Biology-Genetic Department, School of Basic Science, Arak University, Arak, Iran.
Genes Genomics. 2018 Jan;40(1):17-24. doi: 10.1007/s13258-017-0605-9. Epub 2017 Aug 29.
Since genes involved in microRNA biogenesis pathways have a main role in impaired spermatogenesis, in this research, we evaluated different genotypes frequency of seven single-nucleotide polymorphisms in DICER1 and DROSHA genes. Different genotypes frequency of DICER1 (rs12323635, rs1057035, rs13078 and rs3742330) and DROSHA (rs10719, rs642321 and rs2291102) were determined by sequencing method in 385 infertile men and 120 fertile controls. It was found that CC genotype (P = 0.000) and C allele (P = 0.0) of rs1057035 T > C polymorphism were associated with idiopathic male infertility (azoospermia). Gene expression study in blood and testis samples was done by real time PCR technique. Our results showed significant under expression of DICER1 gene in blood and testis tissues of azoospermic samples (P < 0.05), but we did not observed significant difference in expression ratio between infertile men with and without C allele of rs1057035 SNP (P > 0.05). The results of this study showed that among the studied variants, only one of them in DICER1 might be associated with azoospermia, but additional studies needs in different populations and ethnics.
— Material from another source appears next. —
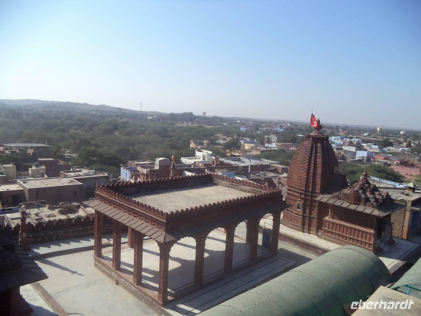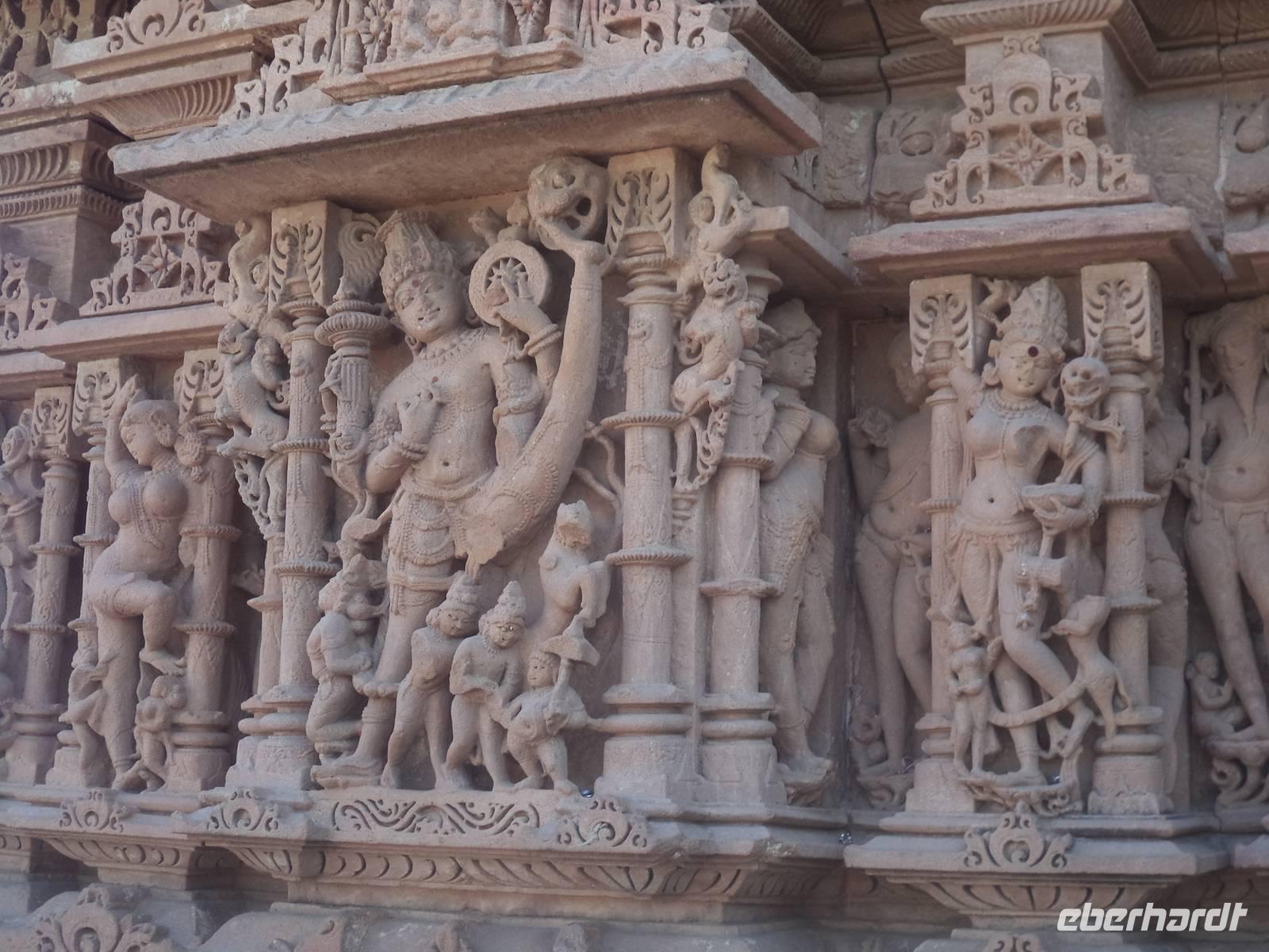 Heute würden wir nach längerer Strecke einen der Hauptorte der Thar-Wüste erreichen. Den ersten Stopp legten wir an den berühmten Tempeln von Osyan ein. Seit etwa 1300 Jahren ist der Ort ein Wallfahrtsziel und Pilgerzentrum. Erhalten sind hier viele kleine, heute nicht mehr genutzte um 700 - 800 n.Chr. errichtete Sandsteintempel. Sie werden nicht mehr genutzt, denn der Kult des einst hier verehrten früheren Sonnengottes Indra ist heute nicht mehr üblich.

由于参与微小RNA生物合成途径的基因在精子发生受损中起主要作用,在本研究中,我们评估了DICER1和DROSHA基因中七个单核苷酸多态性的不同基因型频率。通过测序方法在385名不育男性和120名生育对照中确定了DICER1(rs12323635、rs1057035、rs13078和rs3742330)和DROSHA(rs10719、rs642321和rs2291102)的不同基因型频率。发现rs1057035 T>C多态性的CC基因型(P = 0.000)和C等位基因(P = 0.0)与特发性男性不育(无精子症)相关。通过实时PCR技术对血液和睾丸样本进行基因表达研究。我们的结果显示,无精子症样本的血液和睾丸组织中DICER1基因表达明显下调(P < 0.05),但我们未观察到rs1057035 SNP有C等位基因和无C等位基因的不育男性之间表达率的显著差异(P > 0.05)。本研究结果表明,在所研究的变异中,DICER1中的一个变异可能与无精子症相关,但需要在不同人群和种族中进行更多研究。